(Extracted records)
┄┄┄┄┄┄

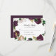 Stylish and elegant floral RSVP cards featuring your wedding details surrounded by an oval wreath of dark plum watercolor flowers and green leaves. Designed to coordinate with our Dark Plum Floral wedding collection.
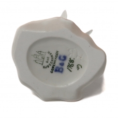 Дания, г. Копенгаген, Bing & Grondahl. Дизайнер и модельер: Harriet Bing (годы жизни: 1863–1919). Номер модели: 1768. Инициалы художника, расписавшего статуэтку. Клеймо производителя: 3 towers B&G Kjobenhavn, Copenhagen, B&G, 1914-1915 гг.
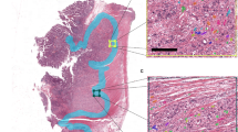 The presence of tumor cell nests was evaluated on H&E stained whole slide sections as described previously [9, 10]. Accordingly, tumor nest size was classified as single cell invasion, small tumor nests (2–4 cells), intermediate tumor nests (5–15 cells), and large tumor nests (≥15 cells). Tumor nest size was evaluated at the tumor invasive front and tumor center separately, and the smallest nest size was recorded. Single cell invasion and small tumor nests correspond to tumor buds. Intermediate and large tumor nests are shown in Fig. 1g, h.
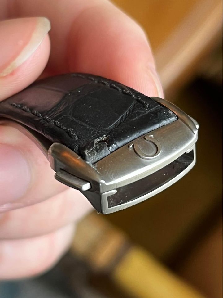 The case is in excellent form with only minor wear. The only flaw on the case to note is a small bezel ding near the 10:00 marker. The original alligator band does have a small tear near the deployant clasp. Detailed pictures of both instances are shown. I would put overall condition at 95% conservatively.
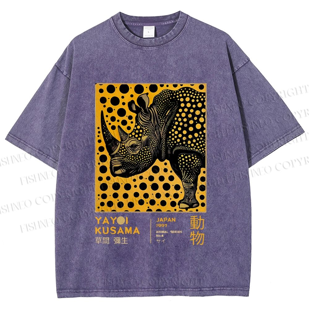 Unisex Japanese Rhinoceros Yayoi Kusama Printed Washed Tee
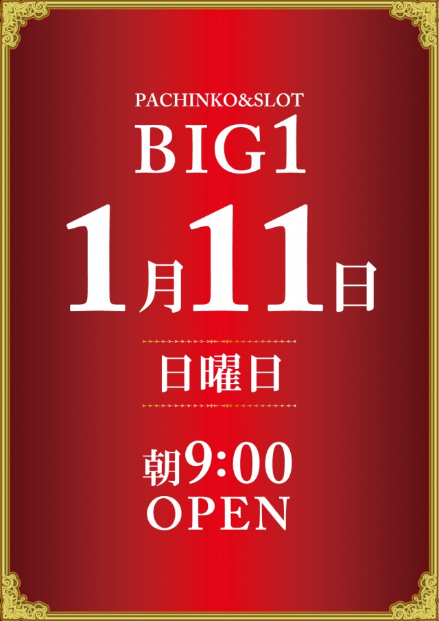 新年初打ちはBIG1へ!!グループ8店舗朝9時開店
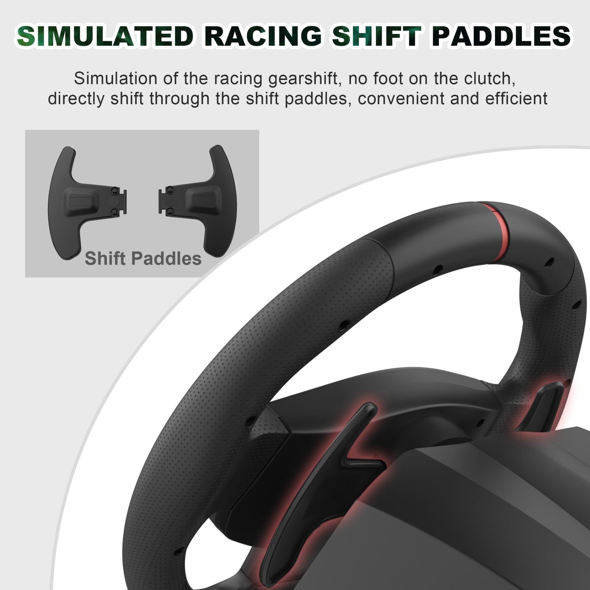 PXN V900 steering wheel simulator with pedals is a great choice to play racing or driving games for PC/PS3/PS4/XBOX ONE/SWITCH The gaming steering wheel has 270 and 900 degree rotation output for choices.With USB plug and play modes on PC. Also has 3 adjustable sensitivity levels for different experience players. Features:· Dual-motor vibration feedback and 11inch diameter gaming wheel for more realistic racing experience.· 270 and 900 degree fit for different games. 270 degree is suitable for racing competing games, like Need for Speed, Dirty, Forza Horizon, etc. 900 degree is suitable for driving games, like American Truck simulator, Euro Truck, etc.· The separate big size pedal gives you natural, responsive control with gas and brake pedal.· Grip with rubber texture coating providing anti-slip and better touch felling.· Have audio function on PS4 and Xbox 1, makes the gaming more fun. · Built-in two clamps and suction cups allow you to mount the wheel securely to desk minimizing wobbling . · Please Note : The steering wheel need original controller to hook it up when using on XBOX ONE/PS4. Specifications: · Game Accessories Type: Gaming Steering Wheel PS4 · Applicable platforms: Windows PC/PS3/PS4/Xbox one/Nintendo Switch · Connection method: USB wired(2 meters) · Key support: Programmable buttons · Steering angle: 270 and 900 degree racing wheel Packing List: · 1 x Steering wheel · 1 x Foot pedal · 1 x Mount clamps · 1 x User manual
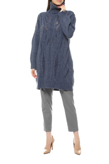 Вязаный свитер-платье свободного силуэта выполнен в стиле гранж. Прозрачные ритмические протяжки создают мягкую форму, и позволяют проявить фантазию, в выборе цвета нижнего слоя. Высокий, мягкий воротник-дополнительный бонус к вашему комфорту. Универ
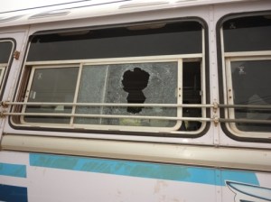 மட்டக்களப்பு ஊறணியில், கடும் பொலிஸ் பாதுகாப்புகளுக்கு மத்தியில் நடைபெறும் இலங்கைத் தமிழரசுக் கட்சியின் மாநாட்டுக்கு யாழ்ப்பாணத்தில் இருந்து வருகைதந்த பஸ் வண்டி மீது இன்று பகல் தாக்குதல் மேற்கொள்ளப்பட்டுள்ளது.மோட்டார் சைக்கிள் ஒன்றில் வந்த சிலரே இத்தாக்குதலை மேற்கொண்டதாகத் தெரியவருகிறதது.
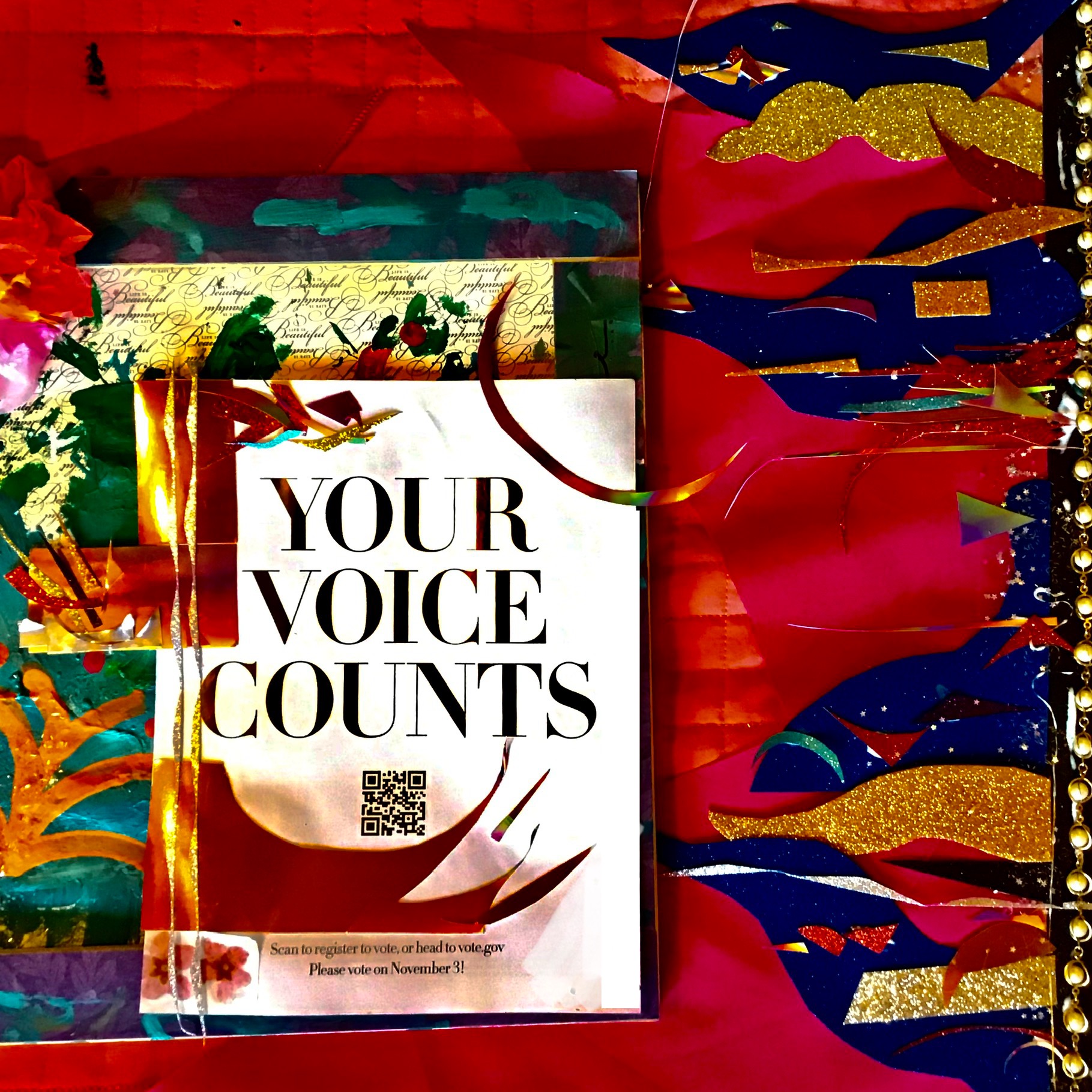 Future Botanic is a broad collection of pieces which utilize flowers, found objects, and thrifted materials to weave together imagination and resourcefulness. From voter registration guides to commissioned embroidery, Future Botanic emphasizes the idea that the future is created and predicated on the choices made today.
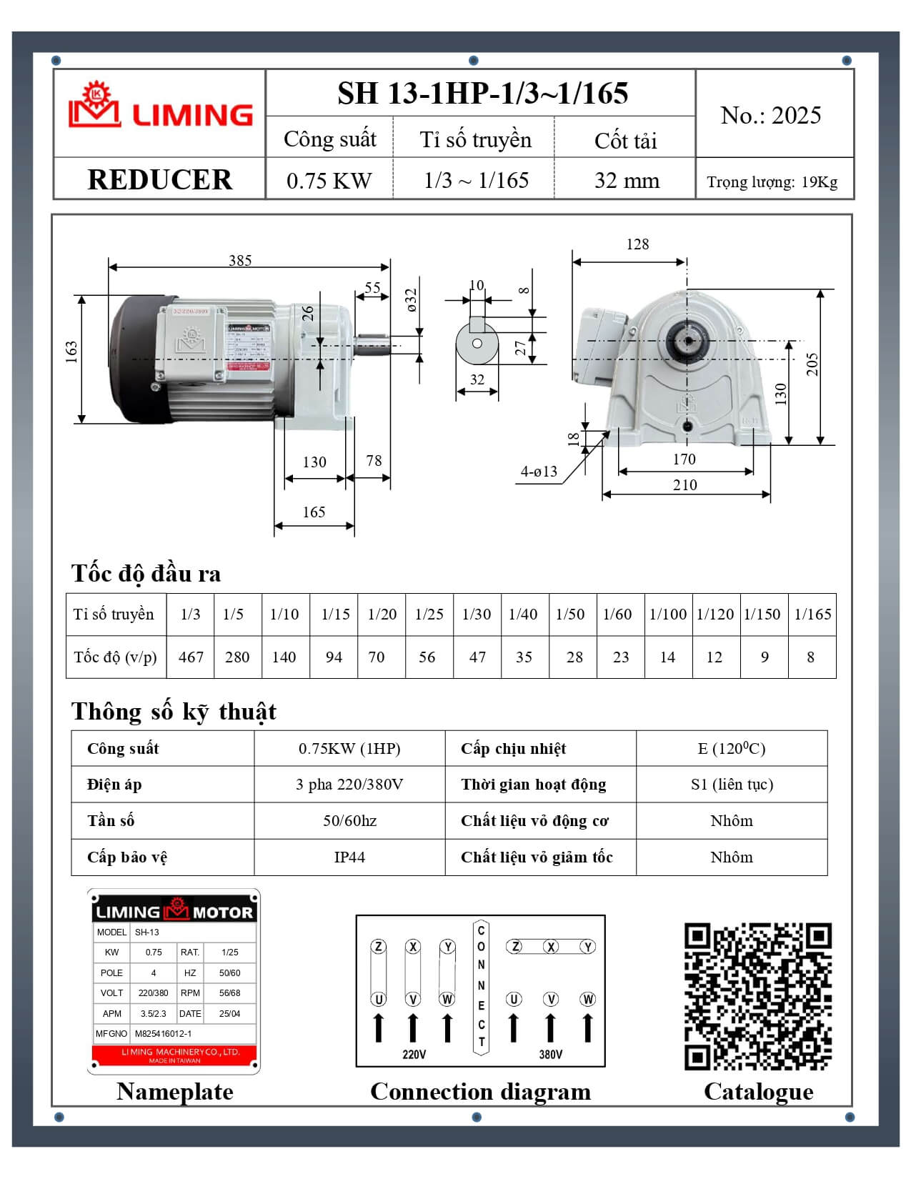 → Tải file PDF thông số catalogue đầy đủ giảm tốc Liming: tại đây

┄┄┄┄┄┄

(Exercise objective) Between and including the line with "Дания, г. Копенгаген, Bing" and the line with "The presence of", repeat every line exactly as it appears above, with pictures left out.

(Written reply)
 Дания, г. Копенгаген, Bing & Grondahl. Дизайнер и модельер: Harriet Bing (годы жизни: 1863–1919). Номер модели: 1768. Инициалы художника, расписавшего статуэтку. Клеймо производителя: 3 towers B&G Kjobenhavn, Copenhagen, B&G, 1914-1915 гг.
 The presence of tumor cell nests was evaluated on H&E stained whole slide sections as described previously [9, 10]. Accordingly, tumor nest size was classified as single cell invasion, small tumor nests (2–4 cells), intermediate tumor nests (5–15 cells), and large tumor nests (≥15 cells). Tumor nest size was evaluated at the tumor invasive front and tumor center separately, and the smallest nest size was recorded. Single cell invasion and small tumor nests correspond to tumor buds. Intermediate and large tumor nests are shown in Fig. 1g, h.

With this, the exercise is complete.